Basics of Municipal BondsBond Instruments
Cities, much like nations, issue bonds to support their expansions and requirements. These bonds are known as Municipal bonds, issued to increase city funding. For American owners these bonds have a single important function. They are always excluded from one level of taxation, and possibly two or more. While most bonds’ interest payments are subject to federal government income tax rates, Municipal bonds are tax exempt. This is typically their one redeeming factor. They pay lower interest rates due to this tax exemption, but most of that rate is kept by the purchaser.
Municipal Bonds do not consist only of cities. They are actually a class of bond based on tax exemption status. If a bond issuer meets specific criteria that support the benefit of the greater public good, the bonds will be declared as income tax exempt by the Internal Revenue Service.
There are three potential levels of income tax free status. The first level is national exemption, which results in an exemption from national taxation. The second is state or provincial exemption, an exemption from regional taxes. The final third level is local exemption, an exemption from city taxes. Almost all municipal bonds issued have national taxation exemption. Those with an additional tax exemption are known as double tax exempt bonds. The bonds which are exempt on all levels are known as triple tax exempt bonds.
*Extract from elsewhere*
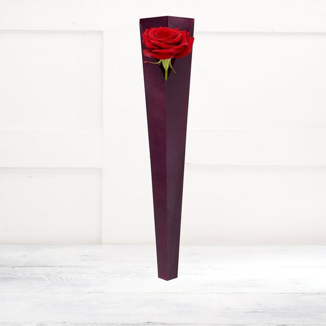This item features a single, vibrant red Naomi rose presented in a modern, dark geometric vase. The unique presentation offers an elegant, sophisticated focal point for any interior setting. This premium arrangement provides lasting visual appeal and requires minimal upkeep.

There is no reason to place tax exempt bonds in retirement accounts which already have tax reductions or exclusions. You want these bonds to be taxed at their lower rates, while placing regularly taxed bonds into accounts with tax exemptions. You should never put these bonds in a 401k, IRA, or Roth IRA.
Anytime you profit from bond trading you will have to pay taxation on municipal bonds. If you are purchasing municipal bonds at a low price, and reselling them at a higher price, you will encounter taxes. If you are purchasing and selling at a higher price within the same year, you will incur income taxes on the trades. If you purchase and sell higher after the purchase year, you will encounter capital gains taxes on the trade. Income taxes are normally taxed at a higher rate than capital gains taxes, but this depends on your tax bracket.